The Ulster Orchestra at St Comgall’s Community Hub, Belfast, 6 June 2023
Private piece, no connection to my employer

On the playground sit pensioners and under the sky shines a glass ceiling but today’s game is tag and time is “it”.
For one good hour the string quartet from the Ulster Orchestra holds the audience of, well, Belfast’s newest concert hall in the palm of its hand, only releasing us to applaud each piece in delight before we finally stand for an ovation.
We are taken on a magical mystery tour of popular music, from Adele back to ELO, and around Irish folk ballads and jigs, but there is also Handel’s Water Music and Vaughan Williams’ Lark Ascending, as well as something I could swear they called the Danish Peach Dance.

The Handel, we are told by the violist, was originally written to be performed on barges. Here, in the former primary school on Divis Street, the stage looks quite solid underfoot but the elusive fact is that it floats on a river of dreams because this wonderful venue is the old school courtyard. You cannot sit here long without imagining the rush of little ones around this space when it was still a school a generation ago, open to the Belfast rain.
Like the lark their schooldays have risen and melted into the air of time but you like to imagine that the girls and boys might still live on in the memories of some of the ladies and gentlemen in the audience beneath today’s glass canopy.
Had you never known a school existed here, you could fancy yourself sitting in a cloister somewhere in Spain or France thanks to the arches and pillars that enclose the space, and the great spires of St Peter’s Cathedral you see looming beyond the glass.


If you have not heard of St Comgall’s Community Hub, it’s okay – it has yet to open officially since its grand transformation. We are told it did host the ultimate “cross-community ceilidh” earlier this year – an event attended by not just Catholics and Protestants but Israelis and Palestinians! – but otherwise this is the first concert and who better than the Ulster Orchestra to perform? The orchestra is now a neighbour, having recently moved into a new home on nearby Townsend Street.
I only learnt about the concert by picking up a flyer at Belfast Central Library when I arrived in the city for a visit this week. What was not to like about the promise of a free concert by a great orchestra with refreshments thrown in?

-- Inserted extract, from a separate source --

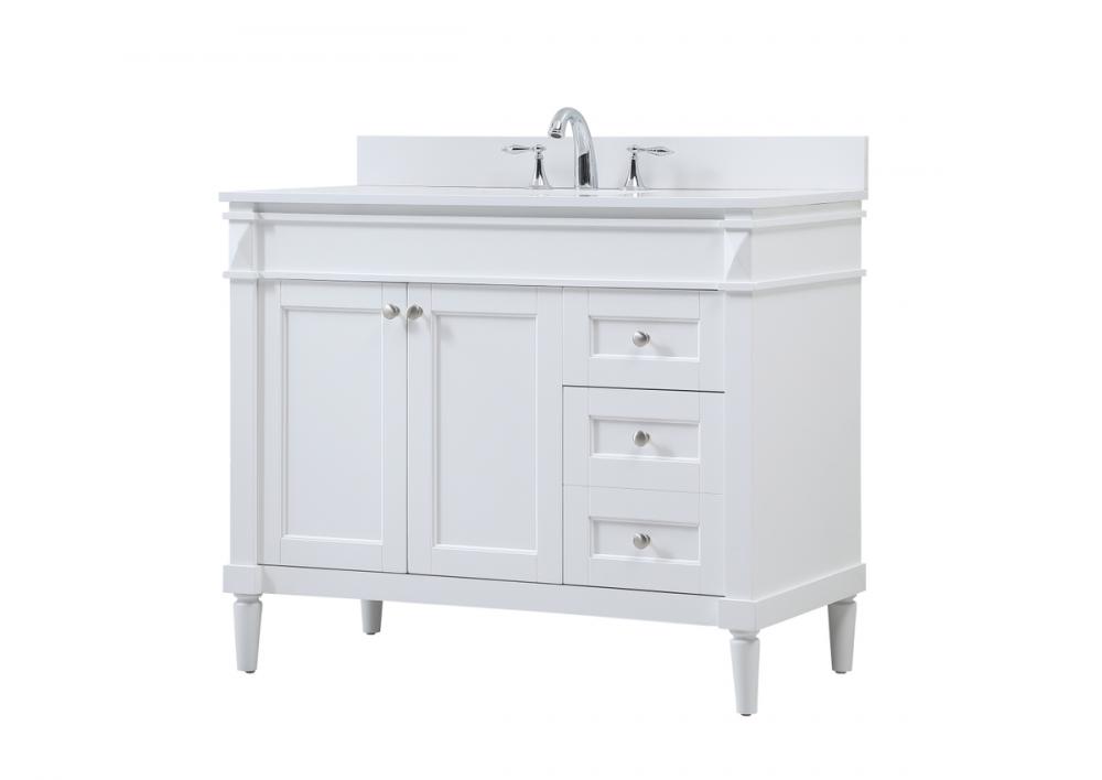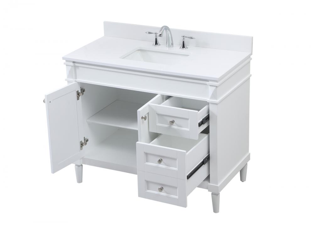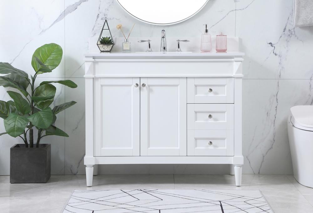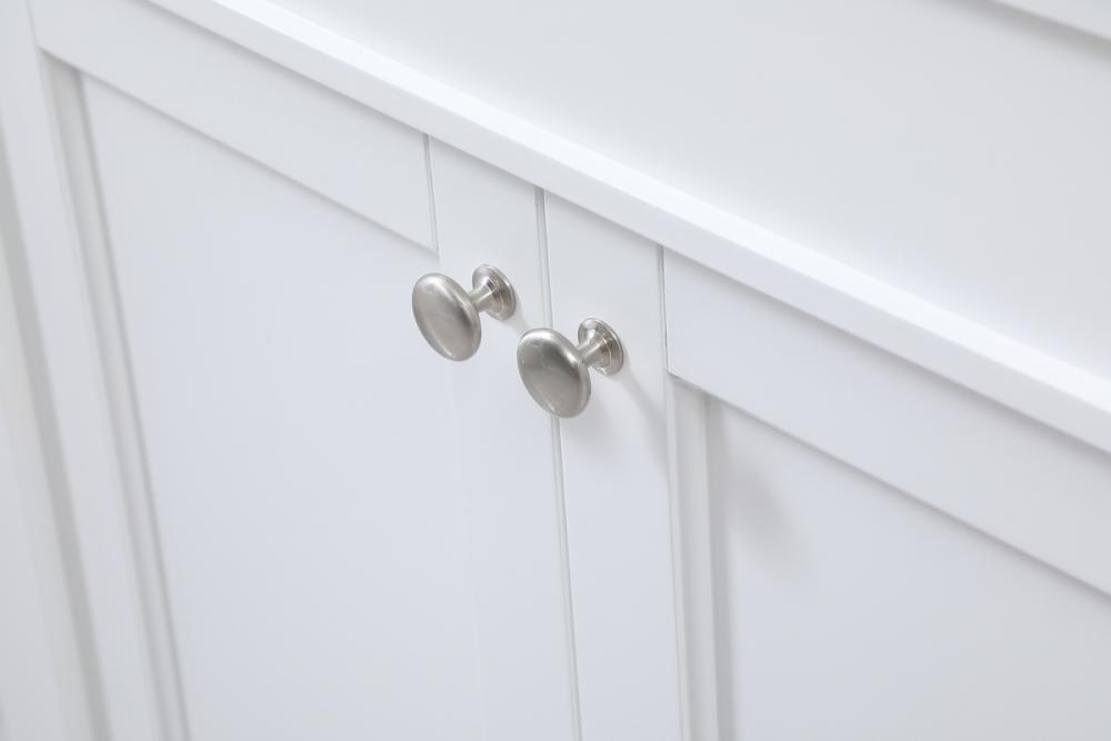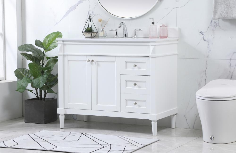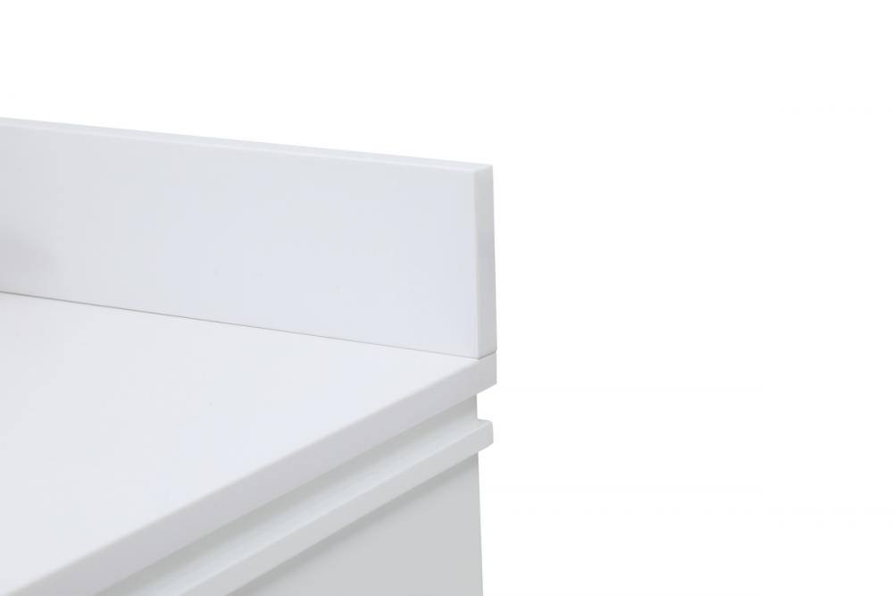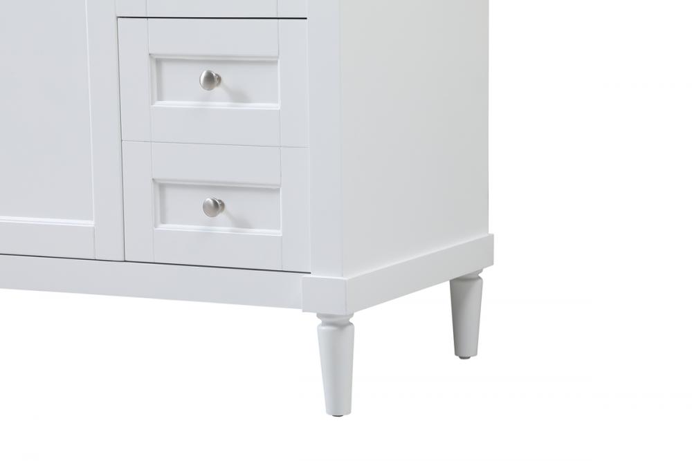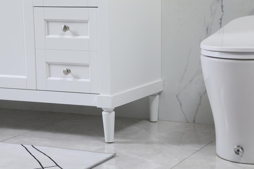 This transitional vanity is a beautiful piece of bathroom furniture will look amazing in your design scheme. The cabinet features a shaker style smooth door panel with simple round knobs and soft close hinges provide ample room for accessories. Packed with multiple side drawers with soft close glides for added comfort and full access to bath supplies. Convenient deep drawer stores all of your tall bath essentials. Constructed of engineered wood and solid wood legs with hand painted finish. The durable engineered marble countertop is a versatile material in an ivory white finish. Minor assembly of the legs needed to get this vanity up and running. Comes with a matching backsplash to complete the look and protects your wall.
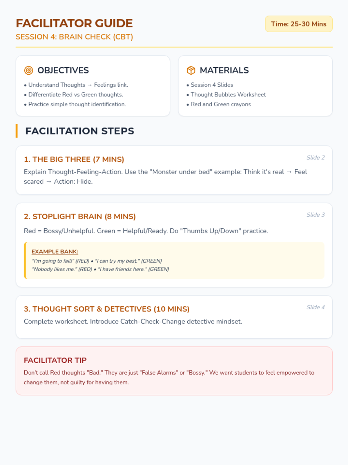 Facilitator guide for Session 4. Fixes: Resolved page break splitting the Example Bank and tightened layout to fit on one page.

But the journalist inside me was also intrigued by the idea of seeing a new cultural space in west Belfast, with its tragic past during The Troubles and its history of urban deprivation. I had grown up in a peaceful, middle-class part of south Belfast during those awful years and had rarely set foot in the west of the city.
Having never heard of St Comgall’s I was not even sure how to pronounce the name because as I asked my way from Royal Avenue out towards Divis Tower and the Falls Road – my Maps app was playing up – I could swear people called it “St Congles”.

“How to you say the name?” I brightly asked the chap who ushered me in on Tuesday.
“Is it St Com-gall’s or St Con-galls?”
“St Comgall’s.”
“Sorry?”
“St Comgall’s. It depends on your accent, I suppose. Where are you from?”
“South Belfast.”
“Says it all!”
We both laughed and I pressed on none the wiser but as happy as a boy breaking ice on a puddle.